The HACCP (Hazard Analysis and Critical Control Point) system of food safety management
is detailed by the FSA (Food Standards Agency) as the most effective way for food businesses to ensure consumer protection.
The FSA believes that application of effective HACCP-based controls across the food
chain will help reduce food borne disease, and is taking action to increase the awareness and application of HACCP in UK
food businesses.
The HACCP system is internationally accepted as the system of choice for food safety
management. It is a preventative approach to food safety based on the following 7 principles:
- Analyze hazards. Potential hazards associated with a food
and measures to control those hazards are identified. The hazard could be biological, such as a microbe; chemical, such as
a toxin; or physical, such as ground glass or metal fragments.
- Identify critical control points. These are points in a food's
production--from its raw state through processing and shipping to consumption by the consumer--at which the potential hazard
can be controlled or eliminated. Examples are cooking, cooling, packaging, and metal detection.

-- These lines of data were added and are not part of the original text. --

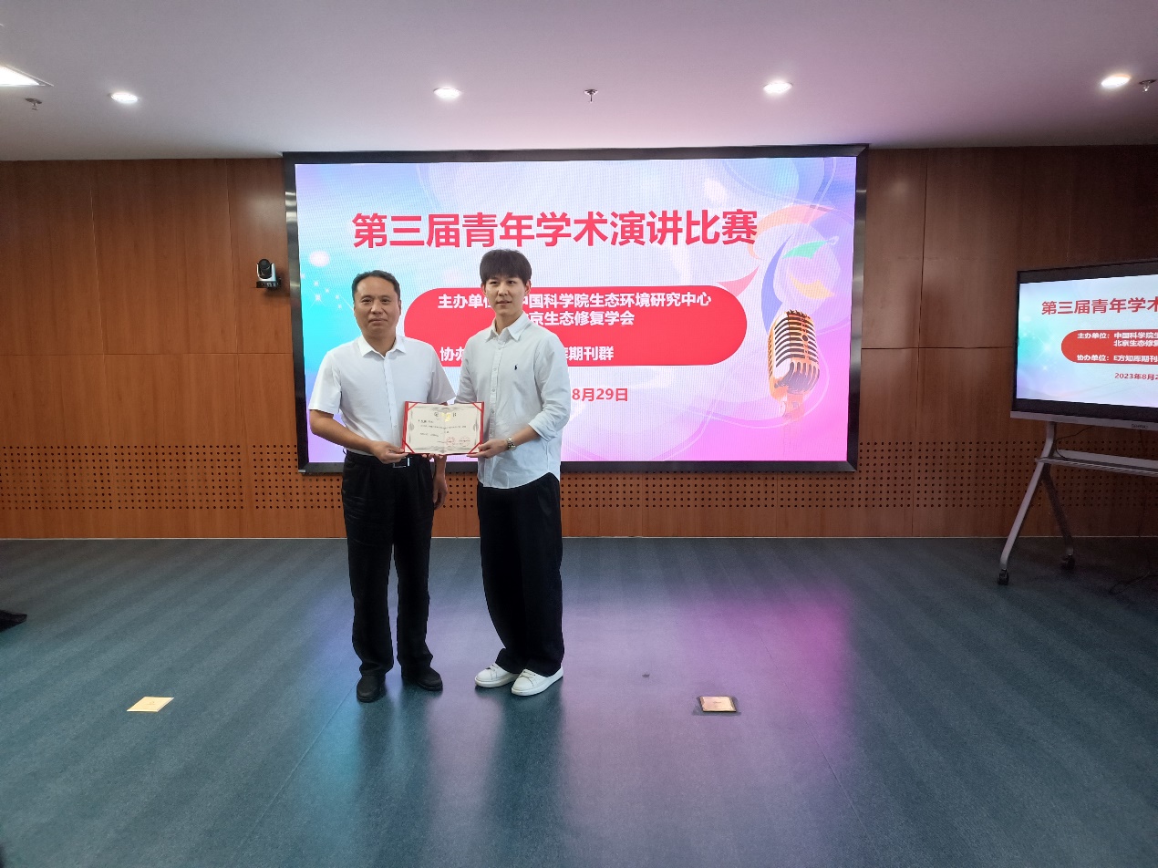 生态中心党委副书记占剑为一等奖获得者颁发证书
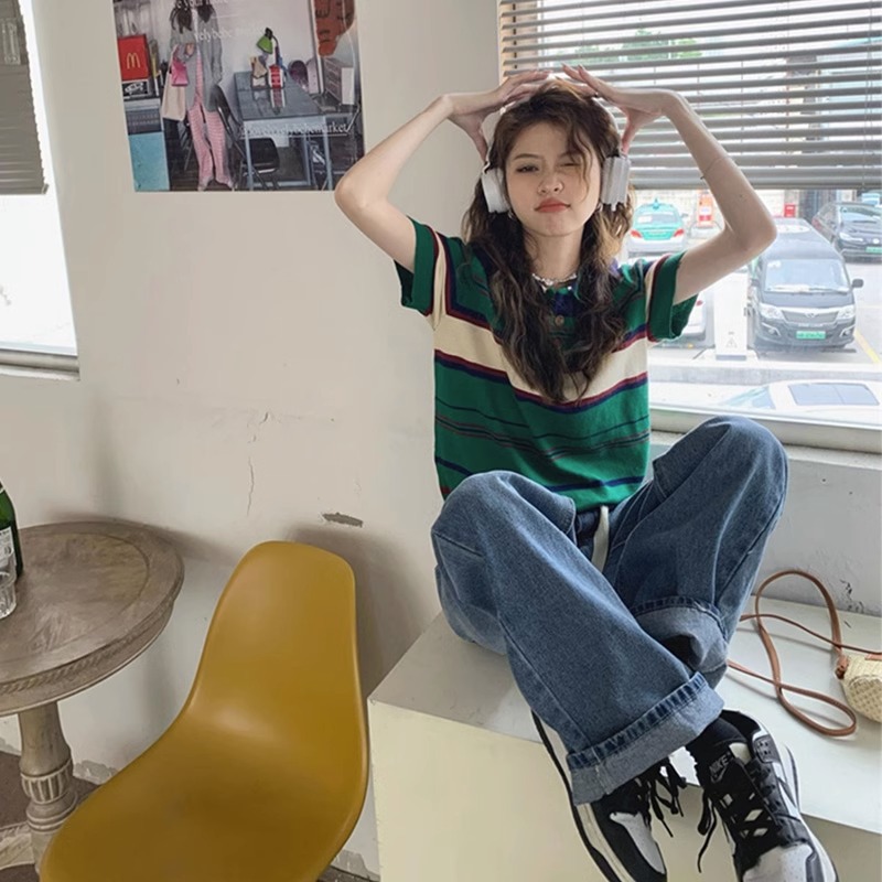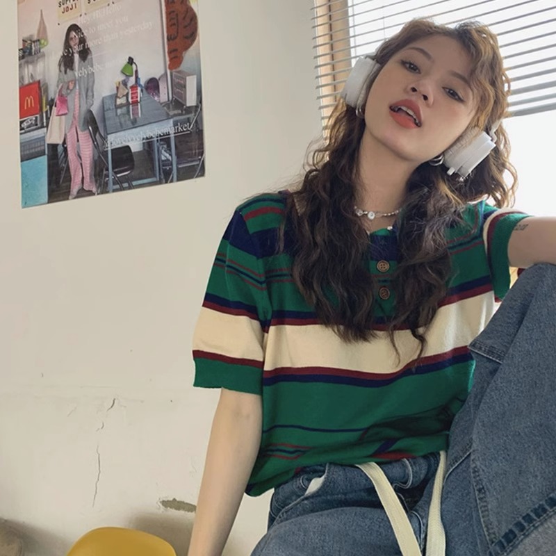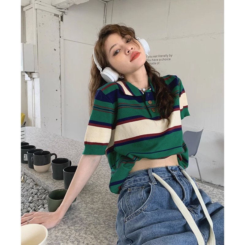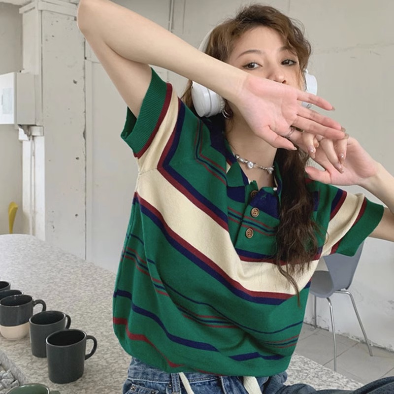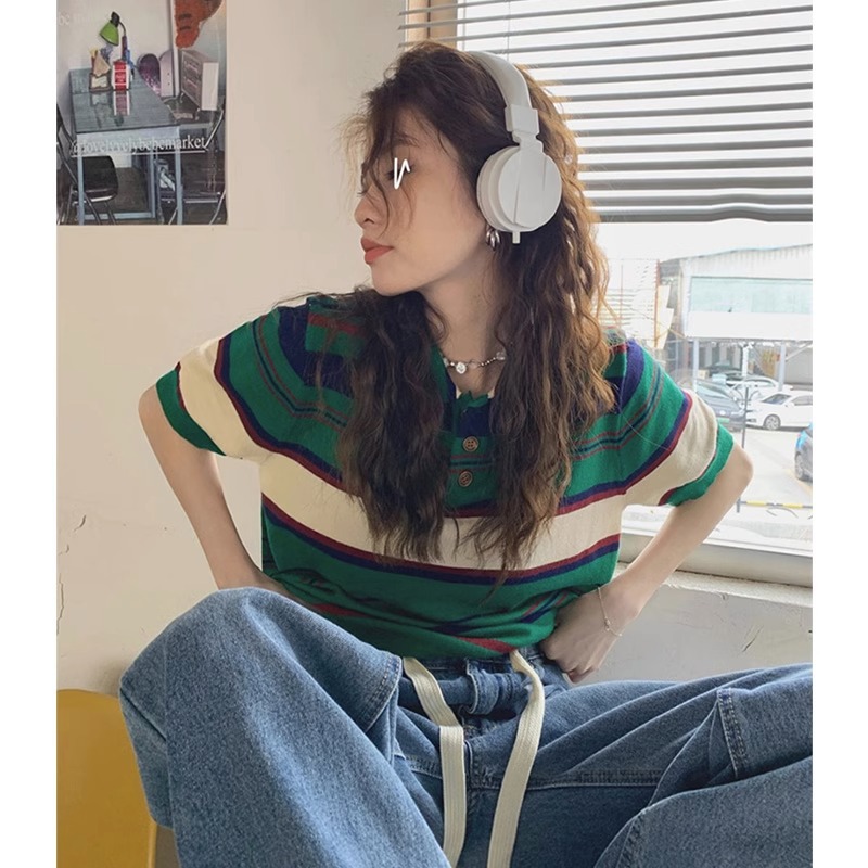 绿色polo领条纹t恤女短袖夏季设计感小众宽松百搭洋气上衣
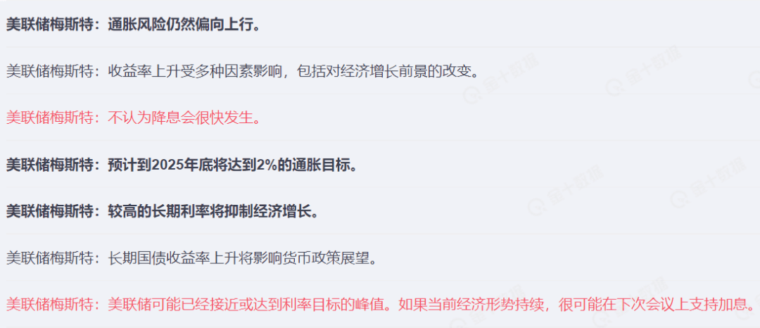 不过,梅斯特也表示,最终决定将取决于经济的发展,并指出,美国汽车工人联合会(UAW)成员可能延长罢工时间,以及政府可能关门等因素,都是通胀和经济增长前景面临的风险。
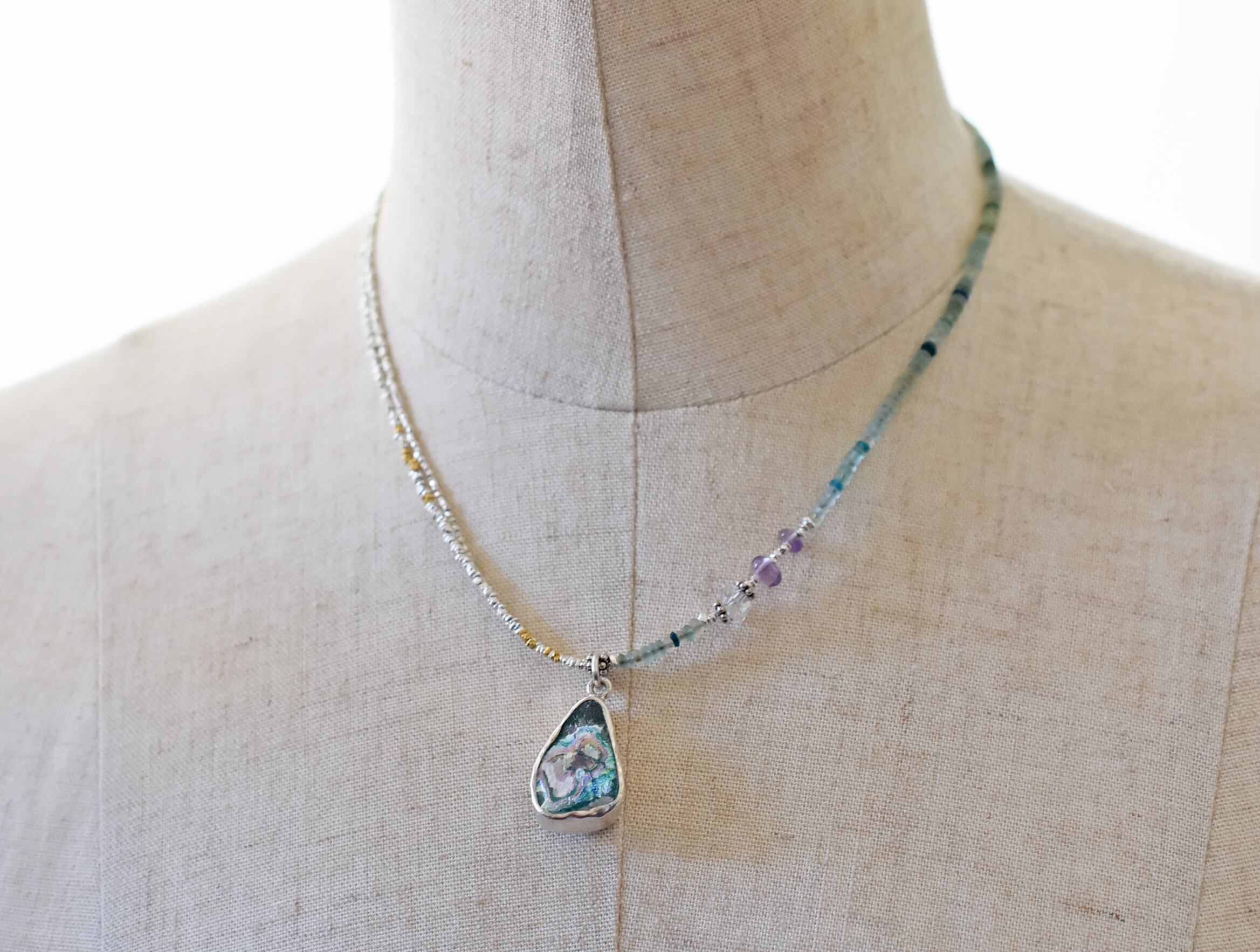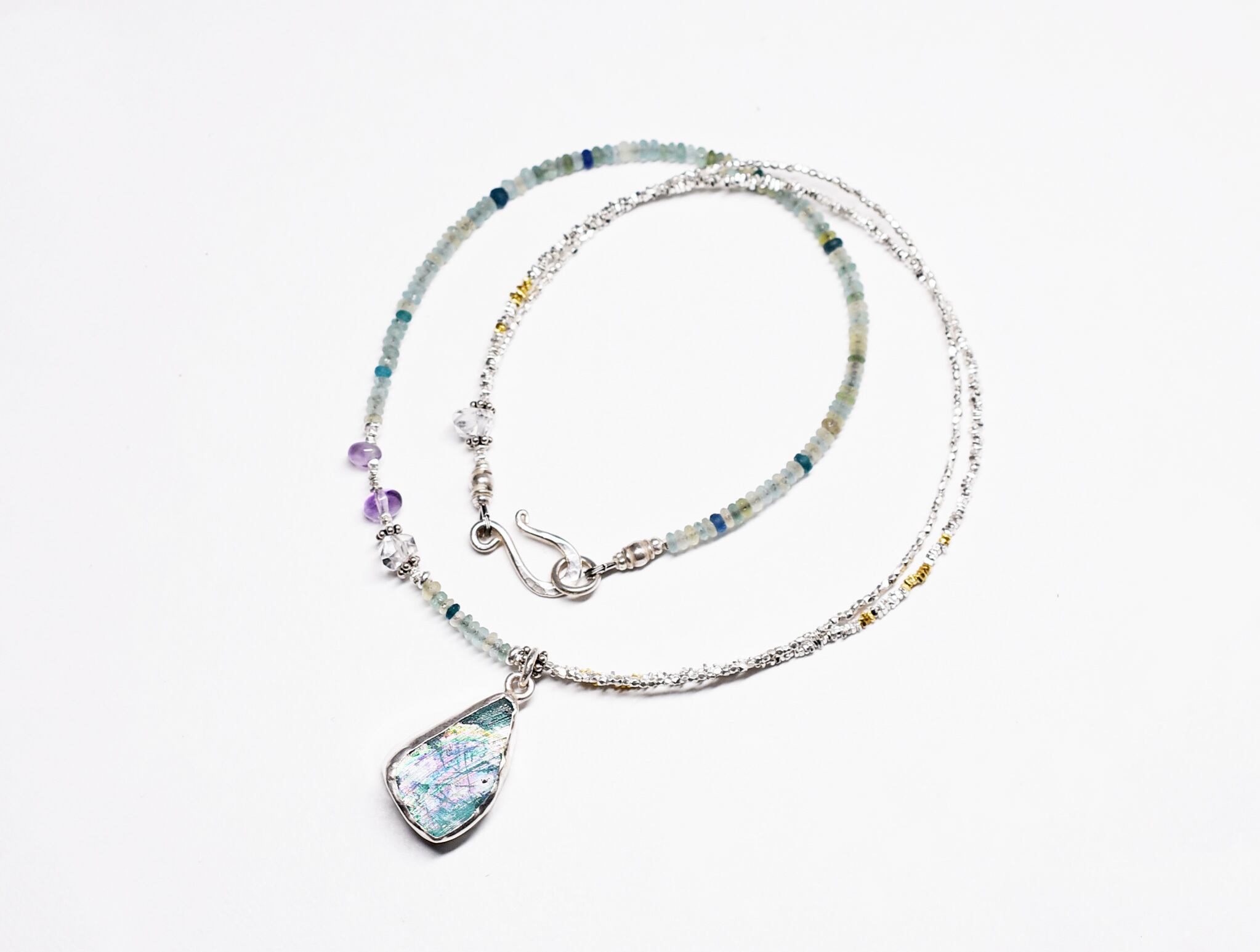 銀化したローマングラスのトップを、煌めくカレンシルバービーズと、丸やさざれ型のローマングラスで繋げたネックレスです。
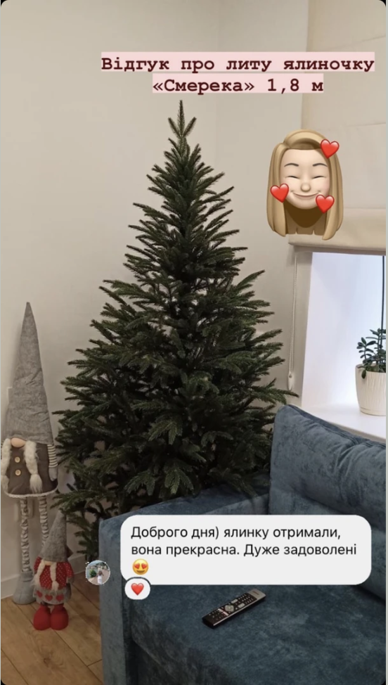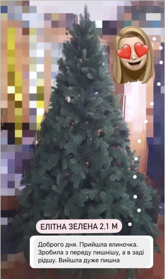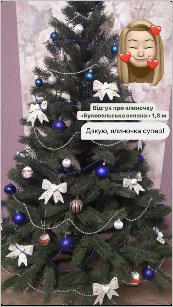 •Завдяки зеленим гілочкам з легким сизим відтінком вона виглядає максимально наближеною до живої ялинки.
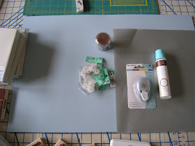 all I can say is that if you try this you should be imaginative and never think that your idea is too complicated.  We ended up going to two craft stores (AC Moore and Joanne Fabrics) and to Staples.  I had a general idea in mind before I went (blue background, photo on front, embellishes), but I didn't think about the possibility of ink stamps, and especially not embossing.
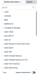 To only see options that include a certain module or certain modules, select any number of Kaseya modules from the list, and then click anywhere outside of the drop-down menu to populate the results. The results also reflect any filter selected in the Module subscription drop-down menu.
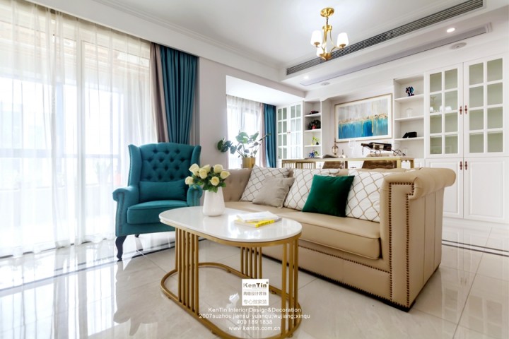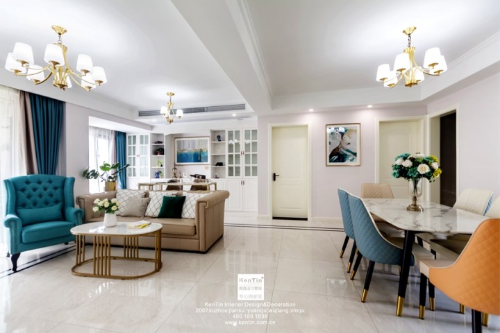 餐客廳之間毫無阻隔,讓空間舒朗,視野所到暢通無阻。整體色調(diào)以明亮的白色為主,點(diǎn)綴的藍(lán)色窗簾和沙發(fā),則仿佛帶著海洋般的清爽與包容。家具的金色金屬部分,則不露痕跡地將奢華融入其中。
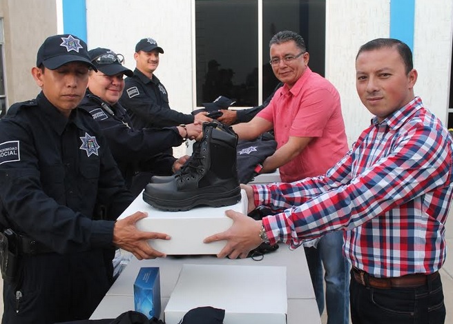 Estas entregas se hicieron de manera simbólica a los delegados municipales de dichas comunidades, otorgando a cada uno de los elementos de la corporación policíaca, para un mejor desempeño del servicio y efectividad en el trabajo, 2 uniformes tácticos y un uniforme de gala, 2 pares de botas, 2 guerreras y una chamarra, a través de los programas Fortalecimiento para la Seguridad (FORTASEG) y Fondo de Aportaciones para la Seguridad (FAFP).
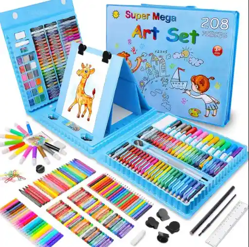 SET EXTRAGRANDE DE ARTE CRAYOLA + MARCADORES + LAPICES DE COLORES + ACUARELA + CABALLETE + ACCESORIOS PARA PINTURA DE 208 PIEZAS AZUL
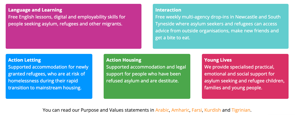 Action Foundation “is an award-winning charity based in Newcastle upon Tyne providing support to disadvantaged refugees, asylum seekers and other migrants across the North East.”
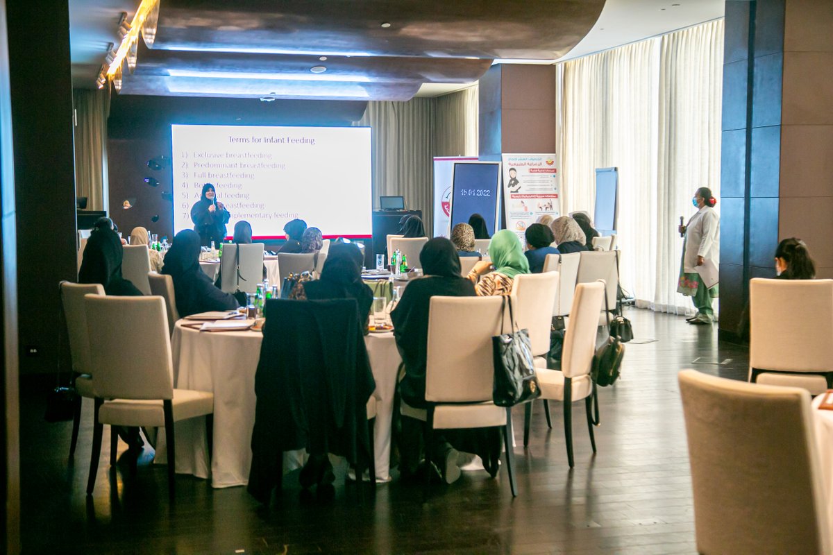 The workshop featured presentations, panel discussions, in addition to field trips for the participants to Women's Wellness and Research Center (WWRC) to apply the field training, where new mothers were interviewed and given the essential counselling and information on breastfeeding and offering the required support for them.
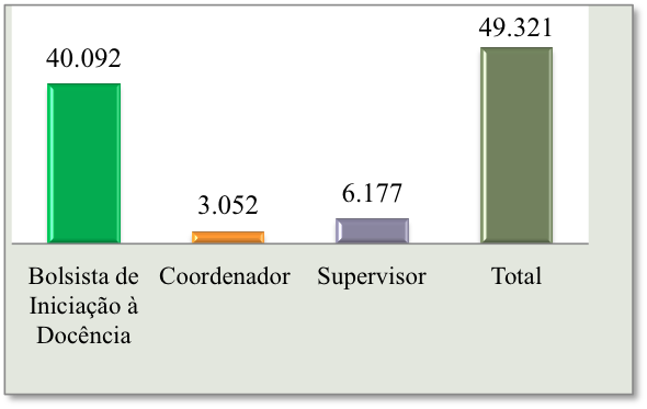 Como percebemos no Gráfico 02, o número de bolsas concedidas neste período foi destinado aos alunos de Iniciação à Docência, Coordenadores e Supervisores, sendo os bolsistas de Iniciação à Docência contemplados com 81% das bolsas, os Coordenadores com 6% e os supervisores com 12,5%, em media, somando um total de 49.321 bolsas.

- Establish preventive measures with critical limits for each
control point. For a cooked food, for example, this might include setting the minimum cooking temperature and time required
to ensure the elimination of any harmful microbes.
- Establish procedures to monitor the critical control points.
Such procedures might include determining how and by whom cooking time and temperature should be monitored.
- Establish corrective actions to be taken when monitoring shows
that a critical limit has not been met--for example, reprocessing or disposing of food if the minimum cooking temperature
is not met.
- Establish procedures to verify that the system is working
properly--for example, testing time-and-temperature recording devices to verify that a cooking unit is working properly.
- Establish effective recordkeeping to document the HACCP system.
This would include records of hazards and their control methods, the monitoring of safety requirements and action taken to
correct potential problems. Each of these principles must be backed by sound scientific knowledge: for example, published
microbiological studies on time and temperature factors for controlling food borne pathogens.
The History of HACCP
In the 1960s, the Pillsbury Corporation developed the HACCP control system with NASA to ensure
food safety for the first manned space missions.
The HACCP system and guidelines for its application were defined by the Codex Alimentarius
Commission in the Codex Alimentarius Code of Practice. This Commission implements the Joint Food and Agriculture Organisation
(FAO) of the United Nations and World Health Organisation (WHO) Food Standards Programme.
Following an outbreak of E. coli 0157 in Scotland in 1996, The Pennington Report recommended that HACCP be adopted by all
food businesses to ensure food safety. HACCP principles were incorporated into specific UK regulations, including those for the meat and seafood industries.
The British Retail Consortium Technical Standard for Companies Supplying Retailer
Branded Food Products requires the adoption of HACCP. Retailer branded products now represent over 50% of all food sold in
the UK.
The European Product Liability Directive (1985) introduced a burden of proof on manufacturers
in respect of defences of defective product. It was noted that if best practices are not followed, then manufacturers would
be unlikely to make successful defences in the event of liability claims.
The Food Safety Act 1990 states that it is an offence to:
- sell food which does not comply with food safety requirements
- render food
injurious to health
- sell food which is not of the nature, substance or quality demanded
The Act describes a legal defence of ‘due diligence',
which enables someone to be acquitted of an offence if they can prove that they ‘took all reasonable precautions and
exercised all due diligence to avoid committing that offence’. Offences under the Act are liable to penalties of prison
sentences of up to 2 years and/or unlimited fines.